Monday, March 26, 2007

Asset forfeiture abuse

Jeff Doles was acquitted of selling "drug paraphernalia" through his head shop in Gillette, Wyoming, but that didn't deter authorities. Turned away by a jury, Campbell County prosecutor Bill Eichelberger found a cooperative judge who allowed him to seize Doles's inventory anyway, even in the absence of a conviction.

The key is civil asset forfeiture, a convenient, if bizarre, bit of legal legerdemain in which a legal action is brought against objects rather than people. Money and inventory can be found guilty of a crime and seized, even when criminal defendants win their cases -- and some people are never even charged with a crime.

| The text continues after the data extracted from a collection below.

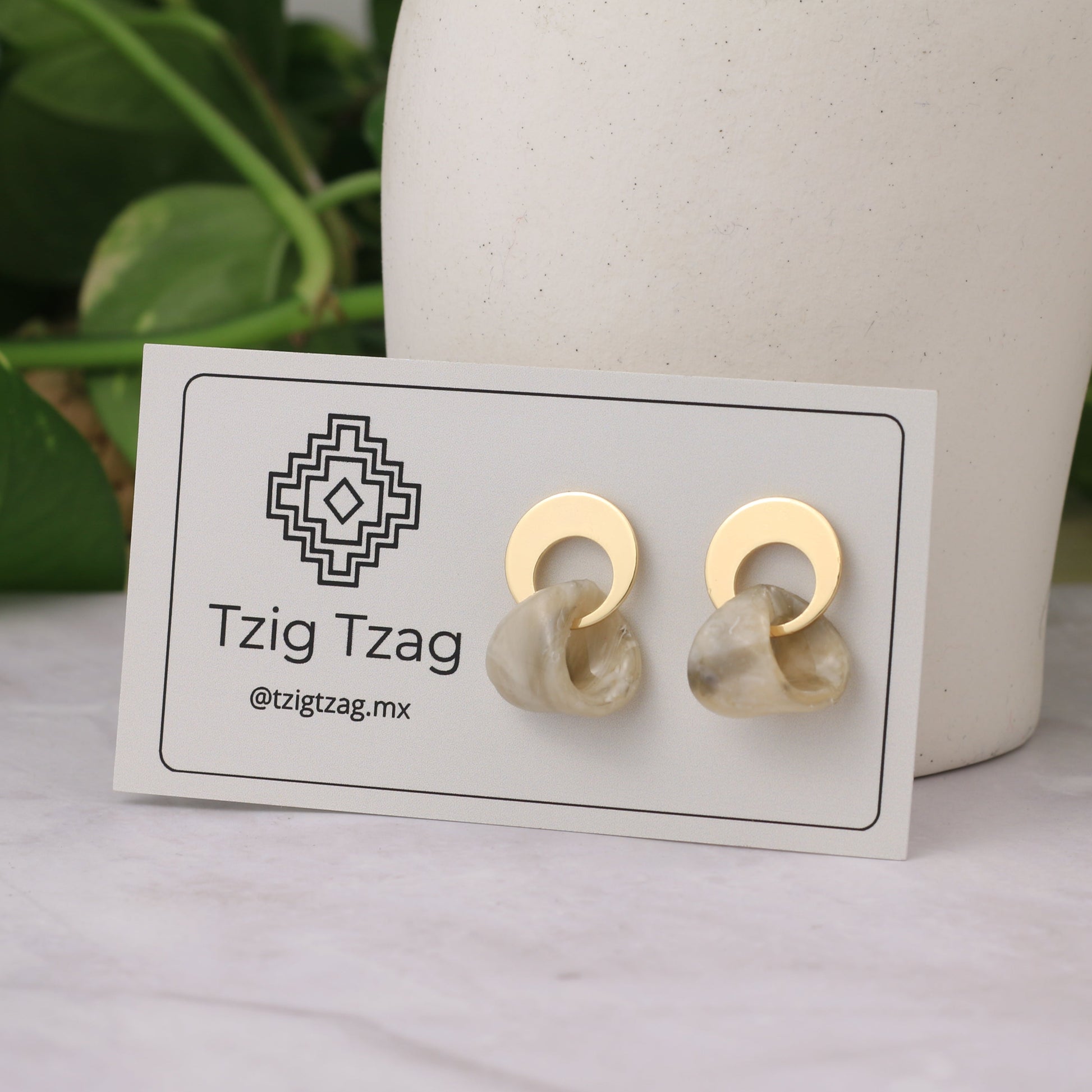 Aretes de arcilla polimérica complementados con pieza dorada en forma de círculo. Tan ligeros que casi no los sentirás, cada par es hecho a mano.
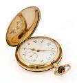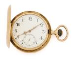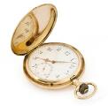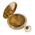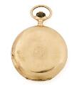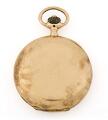 Dobbeltkapslet lommeur af 14k guld. Mekanisk værk med ankergang og kroneoptræk. Hvid emaljeskive med gyldne visere. Støvkapsel af forgyldt metal. Ø 53 mm. Uret vejer cirka 104,8 gram. 1900–10’erne.
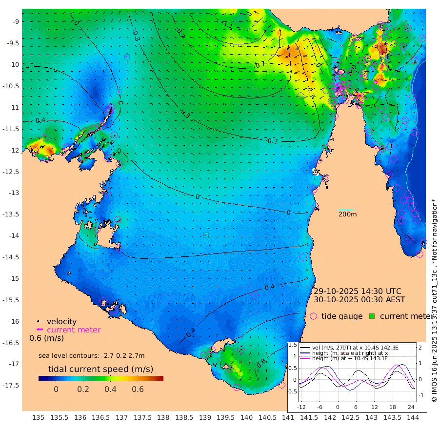 14cm/s -77T +3cm/s rms + 7cm/s -42T. ARA-GOC87 57m 16cm/s -98T +3cm/s rms + 2cm/s -2T. ARA-GOC87 60m 12cm/s -57T +2cm/s rms + 3cm/s 61T. ARA-GOC87 47m -48cm Daru -50cm Bobo Island -41cm Meer Island Barge -54cm Bramble Cay -60cm Unnamed Cay -46cm Pearce Cay -55cm Stephens Island -69cm Merrie England Shoals -63cm Mutacomal Reef -51cm Darnley Island Barge -50cm East Cay -48cm Yorke Island Barge -54cm Rennel Island -44cm Aureed Island -31cm Dungeness Reef -16cm Zagai Island -21cm Yam Island 31cm Dauan Island 11cm Saibai Island 45cm Phipi Reef -3cm Warrior Reef - West -7cm Mabuiag Island Barge -53cm Half Way Island -50cm Coconut Island -50cm Dugong Islet -34cm Poll Island -41cm Kirkcaldie Reef -18cm Suarji Island -37cm Sue Islet -25cm Hawkesbury Island -31cm Alert Patches -35cm Twin Island -13cm Badu Island -22cm St Pauls (Moa Island) -20cm Kubin (Moa Island) -26cm Ince Point -27cm Thursday Island -24cm Nardana Patches -19cm Turtle Head -22cm Round Island -24cm Goods Island -35cm Booby Island -40cm White Rocks Area -70cm Carpentaria -28cm Papou Point -57cm Bampfield Head -31cm Crab Island -40cm Red Wallis Island -29cm Packe Island -60cm Harrington Reef -25cm Herald Camp -3cm Sharp Point -21cm Red Island Point -23cm Possession Island -48cm Alpha Rock -46cm Frederick Point -64cm Wyborn Reef Light -61cm Tetley Island -38cm Triangle Reef -61cm Turtle Head Island -43cm Maclennan Cay -38cm Raine Island -57cm Mcsweeny Reef -55cm Collette Reef -44cm Shadwell Reef -60cm Hannibal Island -60cm Round Point -42cm Vrilya Point -58cm Cape Grenville -47cm Hicks Island -52cm Sir Charles Hardy Island -16cm Harvey Island -60cm Kay Reef -42cm Rocky Island -44cm Chapman Island -45cm Ham Reef -44cm Jubilee Reef -38cm Night Island -49cm Unnamed Reef No. 3 -46cm Morris Island -39cm 1st 3 Mile Opening -44cm Creech Reef -48cm Fife Island -46cm Eden Reef -51cm Stanley Island -54cm Normanby River 33cm Yabooma Island 49cm Hutchison River 43cm Elcho Island 48cm North West Crocodile Island -21cm Cape Wessel 10cm Stevens Island -15cm Guluwuru Island 16cm Hopeful Bay 0cm Auster Point 6cm Two Island Bay 30cm Cadell Strait -128cm Mallison Island -3cm Melville Bay (Gove Harbour) -14cm Truant Island -5cm Cape Arnhem 10cm Cape Grey 27cm Hawk Island 28cm Milner Bay (Groote Eylandt) 37cm Cape Beatrice 40cm West Island 41cm Centre Island 93cm Mornington Island 82cm West Wellesley Islands 129cm Bountiful Island 170cm Albert River Mouth 177cm Sweers Island 172cm Karumba 78cm Nassau River Offshore 43cm Christmas Creek 9cm Archer River -11cm Boyd Point 1cm Weipa (Humbug Point) -21cm Pennefather River -29cm Cullen Point
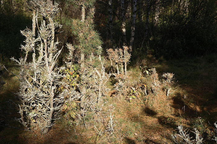 Uschłe po zgryzieniu przez łosie drzewka na wydmach śródleśnych pokryły porosty tworząc fantazyjne formy, silnie kontrastujące z kolorytem otoczenia.
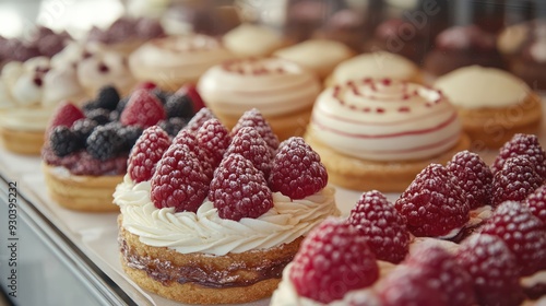 Close-up of gourmet pastries in a akery display case, showcasing the intricate details of dessert creation.
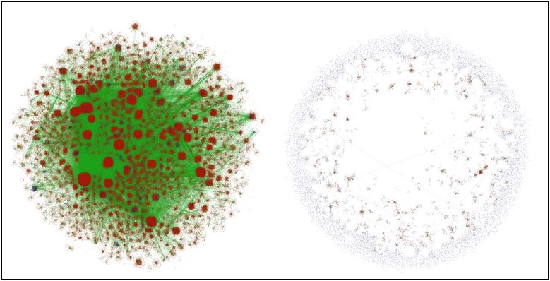 A rede de financiamento eleitoral de 2010 é formada por um componente gigante que congrega mais de 90% dos nós da rede e também por milhares de pequenos componentes isolados. A partir da rede geral (Figura 1), foram extraídos dois grafos, integralmente complementares (Figura 4), que representam o componente gigante e os 7.273 componentes isolados:
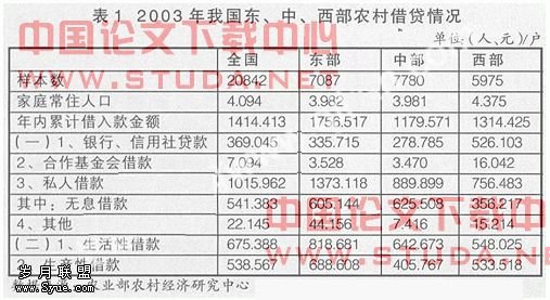 我国农村非正式金融组织包括私人自由借贷、私人钱庄、合会等,民间资金需求与供给的共同作用使农村非正式金融活动迅速。从农村民间借贷规模来看,根据全国农村固定观察点的常规调查汇总报告(2000),2000年农户借款中,银行信用社贷款占29.5%,农村合作基金会借款占0.4%,私人借款占68.4%,其他占1.7%,说明农村民间借贷仍然是农户借款的主要来源。2003年我国东、中、西部农村借贷情况(见表1)。由表1可以看出,全国私人借款占年内累计借入款金额的71.83%,东部地区此比率为78.06%,中部为75.44%,西部为57.55%。
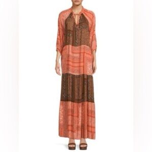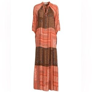 Renee C - Color Block Boho Tiered Three Quarter Sleeve Maci Dress Size Small
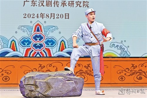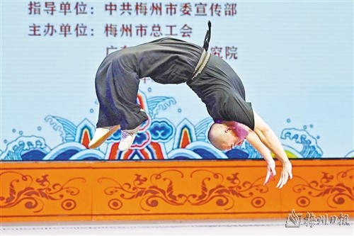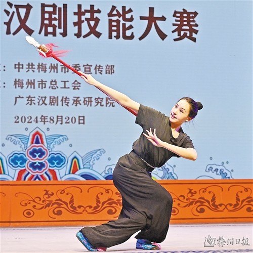 8月20日,梅州市首届广东汉剧技能大赛在“南国牡丹”剧场举行,来自广东汉剧传承研究院的15名演职员登台竞技。飞脚、旋子、抢背、虎跳、前桥、搬腿……参赛选手们炫技能、亮绝活,各展风采。
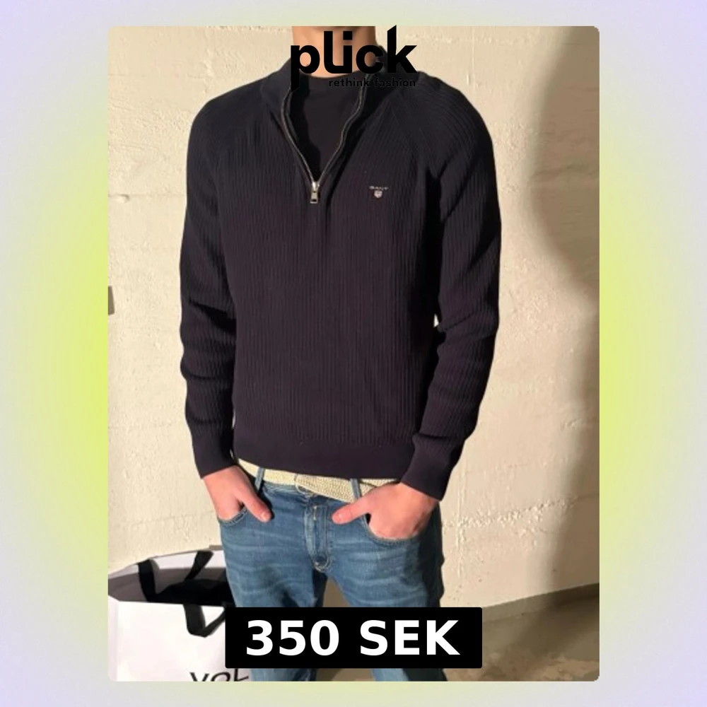 Snygg mörkblå stickad tröja från Gant med halv dragkedja och diskret logga på bröstet. Tröjan har ribbad struktur, långa ärmar och en klassisk passform. Perfekt till jeans för en clean och stilren look. Modellen är 188 cm och väger ca 76 kilo
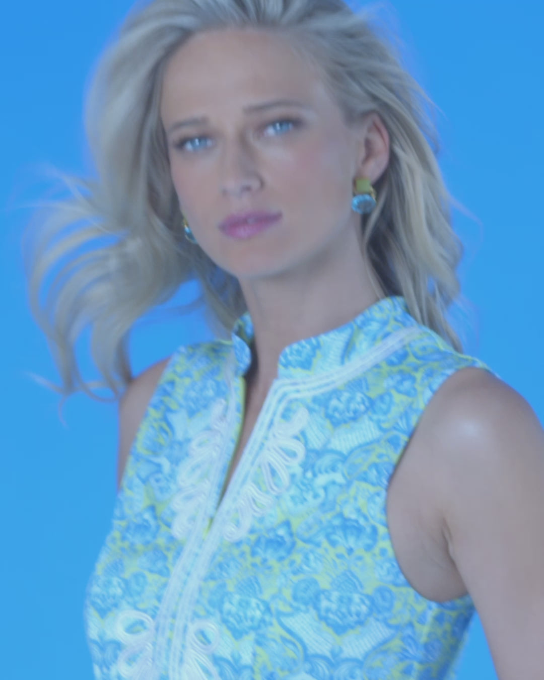 Our Blaine Dress is a most versatile dress that adds a dash of preppy flair and is equally at home on Madison Avenue as it is at a chic poolside soirée. Crafted of stretch, wrinkle resistant ponte, the dress is polished and very comfortable. The neckline zipper may be zipped down for a low cut v-neck or zipped all the way up for coverage. The Amalfi porcelain floral print was inspired by the legendary Shalimar gardens that were built by a Mughal emperor for his beloved wife–in refreshing turquoise on mint julep hues.
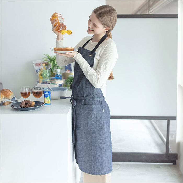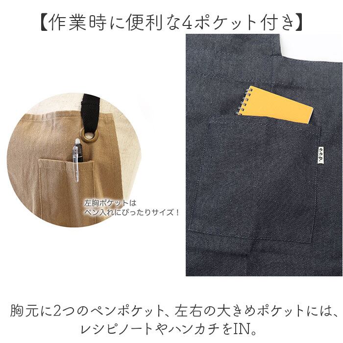 ・胸元に2つのペンポケット、左右の大きめポケットには、レシピノートやハンカチをIN。

Civil asset forfeiture hit the headlines briefly in the 1990s after some well-publicized abuses of the power. Some of the uses, such as the confiscation by federal officials of $9,000 from a landscaper named Willie Jones, seemed indistinguishable from muggings. As a results, a modest reform measure, the Civil Asset Forfeiture Reform Act of 2000 (CAFRA) was passed by Congress and signed into law by then-President Bill Clinton, somewhat reining-in asset-grabs on the federal level. Forfeiture pretty much dropped off the public's radar after that.

But as Doles's case demonstrates, abusive uses of asset forfeiture didn't go away; the practice is alive and well across the country. Forfeiture Endangers American Rights, a national organization, keeps a close eye on the practice, and it has yet to run short of examples of government officials using the power of the law to bypass the requirements of a criminal trial.

The fate of Doles's inventory -- convicted in lieu of its owner -- will be decided by the Wyoming Supreme Court.